15B. PW3, who is the distant relation of plaintiff, supported the version of plaintiff arid stated that on 10.5.2015, he visited the plaintiff at about 07.00 p.m., the defendants came there and threatened the plaintiff and his wife and dispossessed them from suit property. He stated that though himself and Katni Suryavathi tried to interfere and admonish them, they did not listen to them. This is the evidence relating to the act of dispossession. Though these witnesses were cross-examined at length, but nothing specific could be extracted to impeach their credibility. PW3 denied the suggestion that plaintiff, his son and this witness colluded together and filed the present suit to vacate the first defendant from the suit property. Thus, the evidence of PW1 gets strength from the deposition of an independent witness with regard to dispossession. Apart from it, in Ex. A1-FTR No. 196 of 2015, plaintiff clearly stated that on 10.5.2015, all the three defendants came to their house in the night at about 06.30 or 07.00 p.m. and trespassed into their house and necked out him and his wife. So the factum of dispossession of the plaintiff at the instance of the defendants can be believed. As rightly submitted by the learned Counsel for respondent, DW1 in her cross-examination stated that she came to the suit property on 10.5.2015 and on seeing her, the plaintiff and his wife left the house. This statement would show that she was not residing in the house previously and she came to the suit house on 10.5.2015. Her claim that on seeing her, the plaintiff and his wife left the house cannot be believed in view of other circumstances. The plaintiff and his wife are aged persons and the record shows that they have been in possession of the suit house and therefore, it is highly unbelievable that seeing the defendants, they would leave the house. So the evidence on record clearly establishes the fact that the defendants have highhandedly dispossessed plaintiff and his wife. The suit was filed on 2.11.2015 seeking recovery of possession and it is clear that the suit was filed within six months from the date of dispossession and the ingredients of Section 6 are complied with.

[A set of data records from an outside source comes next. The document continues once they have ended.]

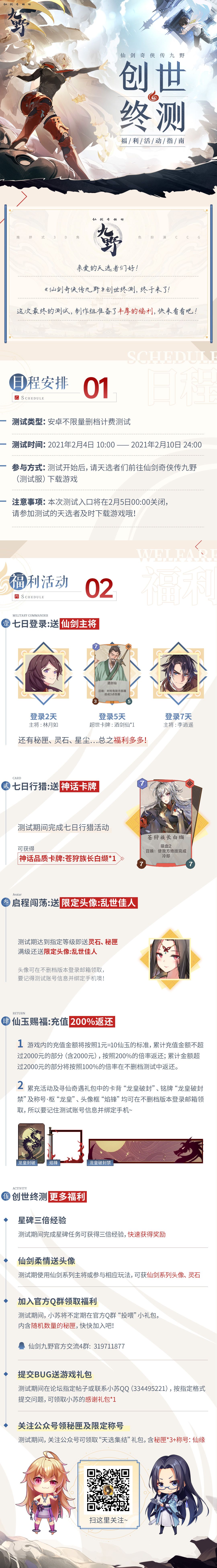13、其它功能:签到、问卷、活动、礼物(邮件)、设置等功能。以上就是本次创世终测开放的全部游戏内容,除此之外还会有超——多丰厚的福利,例如登录送仙剑系列主将和超世品质卡牌、完成活动送神话品质卡牌苍狩族长白缬、达到三十级领头像(可带到不删档测试账号中)等等。详细活动和福利请浏览下方长图吧~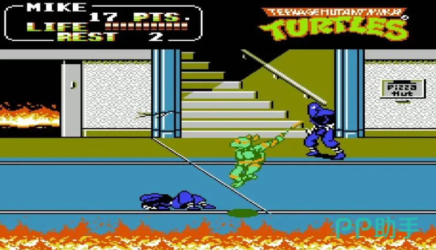 在FC时代忍者神龟2绝对是设定非常超前的双人闯关作品,游戏灵感来源于八十年代的动画“忍者神龟”,双人合作使用合击技能的设定在FC时代绝对非常罕见,打击效果也很硬核配以滑稽的BGM给人留下深刻印象,全新的战斗机制让忍者神龟的动作表现更具张力,你也安装这款FC时期跨时代的作品跟朋友一起玩吧。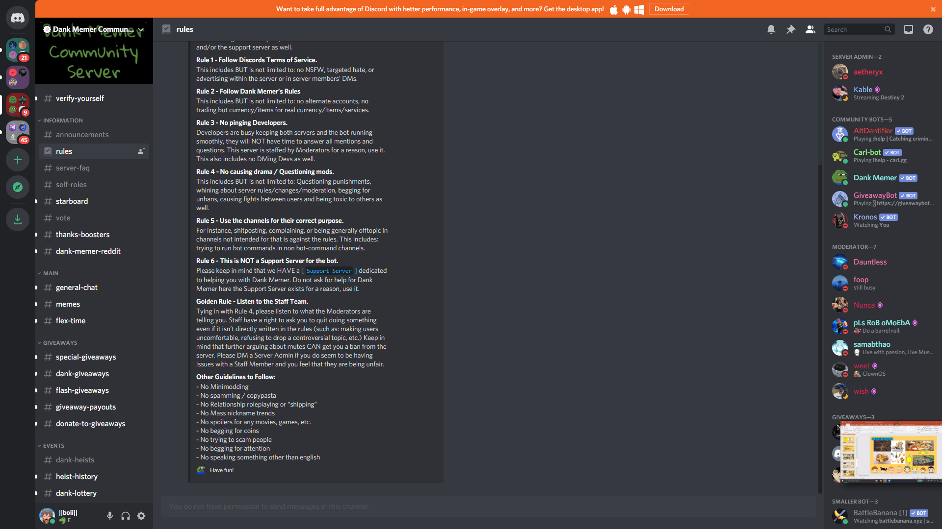 Where just you and handful of friends can spend time together... If you need any help click here: Where just you and handful of friends can spend time together. Where just you and handful of friends can spend time together. The channel you select will then appear with the rules book. The book icon next to one of your channels is your server set rules channel. Ok, let me explain.• the "rules" icon: You need to complete some steps. Press create a channel, … Go to server settings and click enable community. Toggle community for your server and set your server's rules or guidelines channel to the channel... A place that makes it easy to talk every day and hang out more often.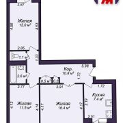 -Просторная планировка включает три изолированные комнаты, что даёт каждой из них уединение и свободу для обустройства. Окна квартиры выходят на две стороны, что обеспечивает хорошую инсоляцию.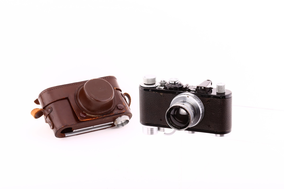 此黑漆Standard機身飾皮有修補痕跡;連同Summar 2/5cm銀色鏡頭 (#267007)、過片器及皮套,市面較少見。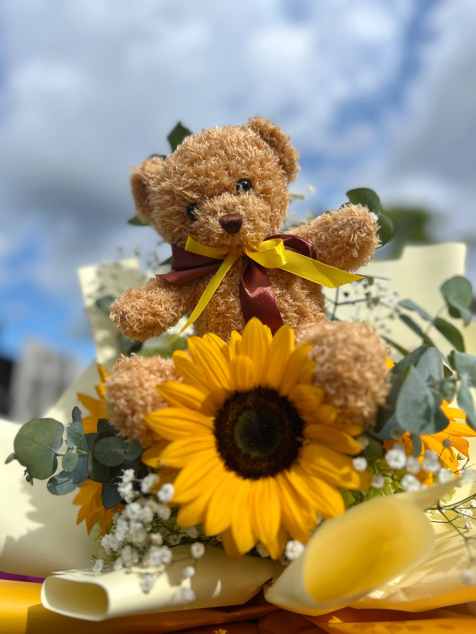 - Incluye un lindo peluche de osito en color café y un diseño floral con girasoles, Hortencias y más detalles.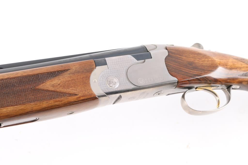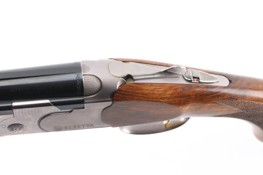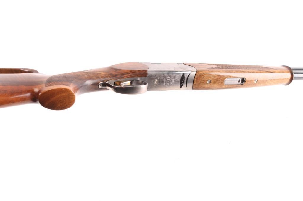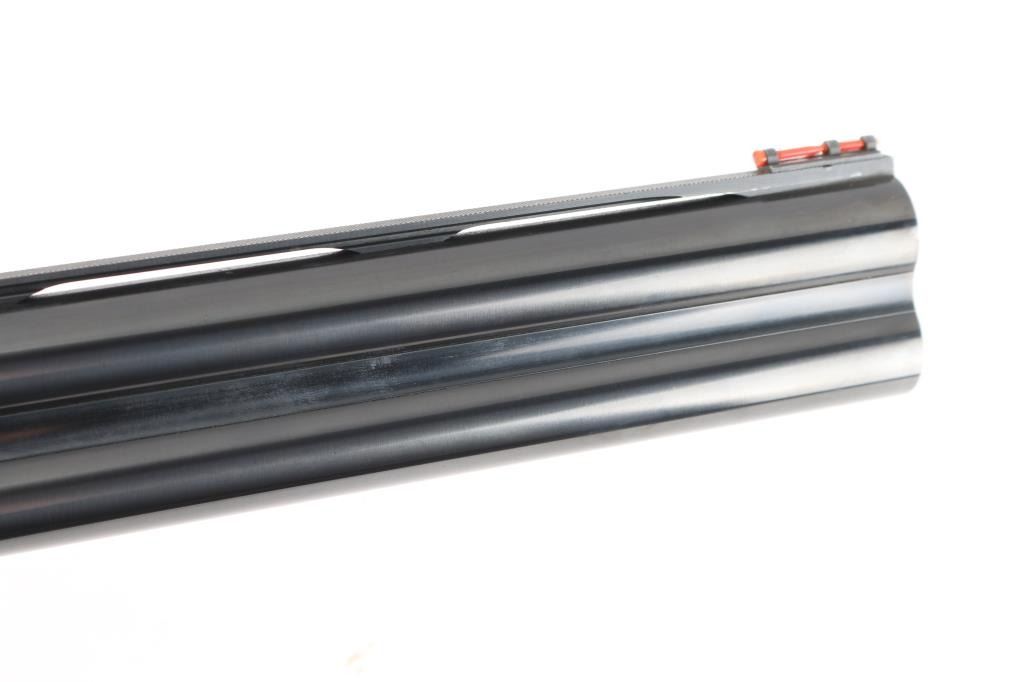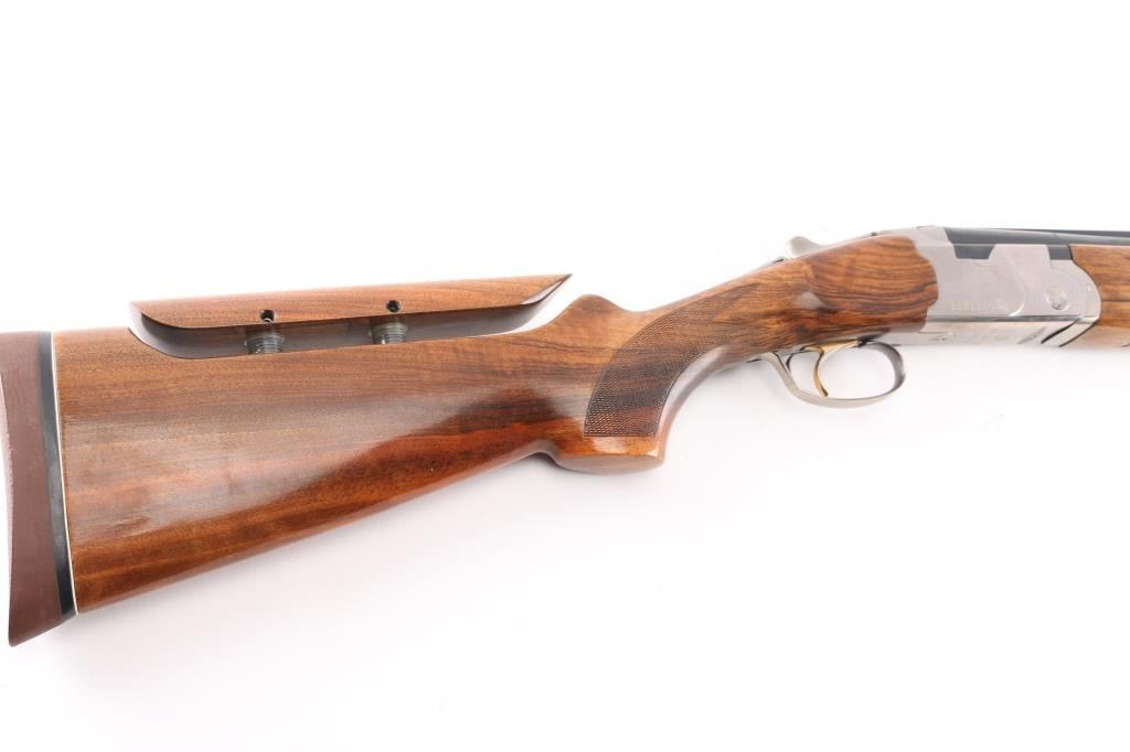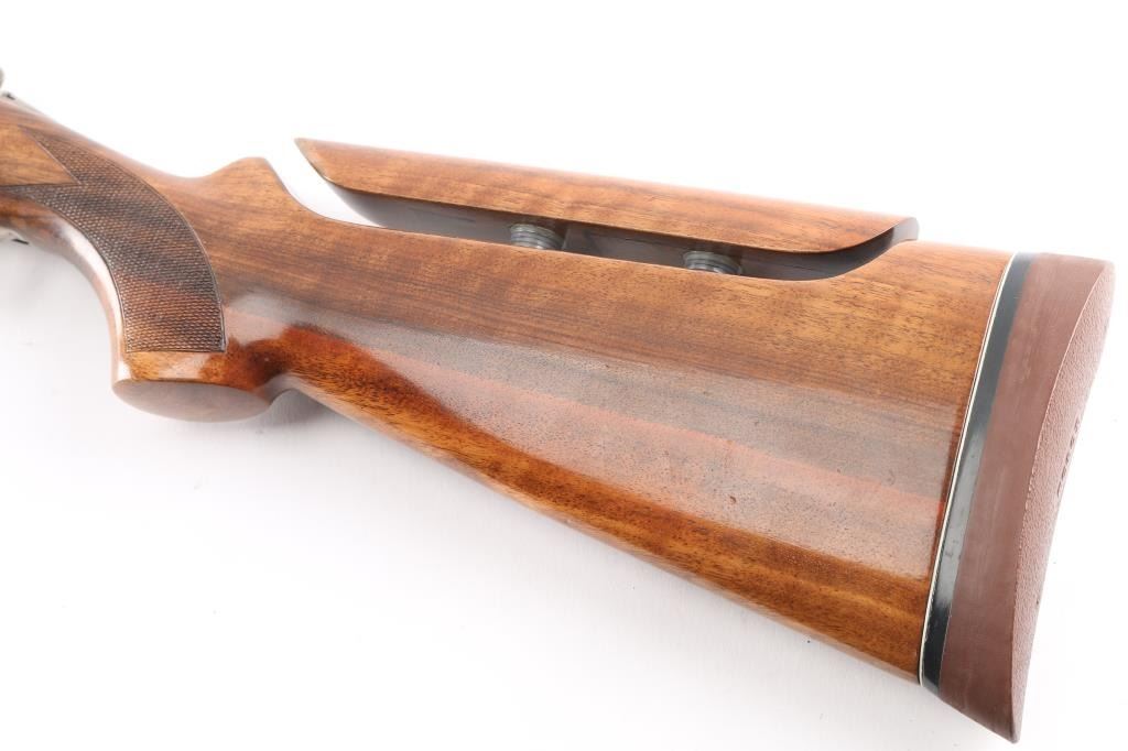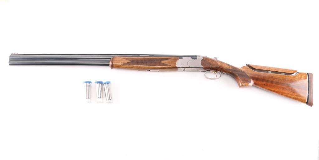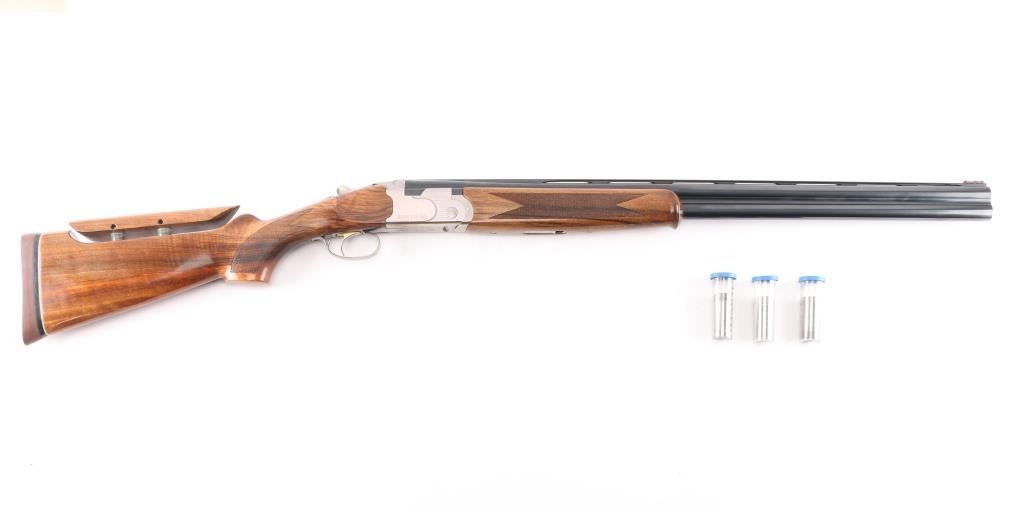 Fine Italian made over/under double barrel shotgun chambered for 2 3/4" 12 gauge shells, circa 1976. Features blued 28" barrels with ventilated sighting rib, red fiber optic sight, automatic ejectors, gold single selective trigger, Dura-Jewel finished receiver, sliding tang safety/barrel selector, checkered high gloss walnut forend and pistol grip shoulder stock with solid Hogue recoil pad and height adjustable comb. No chokes installed but comes with Full, IC and Modified chokes. LOP is 15".. Shotgun retains about 98% of metal finishes, shows no visible wear. Action is tight, bores are excellent/bright and wood stocks are fine with only a couple minor imperfections. NRA Condition is Excellent, Like New. Modern Firearm.

15C. The contention of D1 that she has a right of residence in the suit property is untenable in view of the judgment of Hon'ble Apex Court in S.R. Batra and others v. Taruna Batra (supra). In the above decision, in the context of the claim of a wife for the shared house hold, the Apex Court, in the light of provisions under Protection of Women from Domestic Violence Act, 2005, has observed thus:

"As regards Section 17(1) of the Act, in our opinion the wife is only entitled to claim a right to residence in a shared household, and a 'shared household' would only mean the house belonging to or taken on rent by the husband, or the house which belongs to the joint family of which the husband is a member. The property in question in the present case neither belongs to Amit Batra nor was it taken on rent by him nor is it a joint family property of which the husband Amit Batra is a member, it is the exclusive property of appellant No. 2, mother of Amit Batra. Hence it cannot be called a 'shared household'."
15D. In the instant case also, by virtue of the two gift deeds, the suit property cannot be treated as the property of the husband of D1 to claim right of residence. Of course, this Court is no oblivious of the contention of D1 that the two gift deeds are sham and nominal ones. However, such a contention is not available to her in the present suit and in order to establish the said fact, she can file an independent suit. So at the outset, on the conspectus of the facts and evidence on record, I do not find any illegality or irregularity in the judgment of the Trial Court. This CRP is devoid of any merits. Accordingly, this CRP is dismissed by confirming the judgment of the Trial Court in OS No. 208 of 2015 passed by learned V Additional District Judge, Rajamahendravaram. No order as to costs.

16. Miscellaneous petitions, if any pending, shall stand closed in consequence. No order as to costs.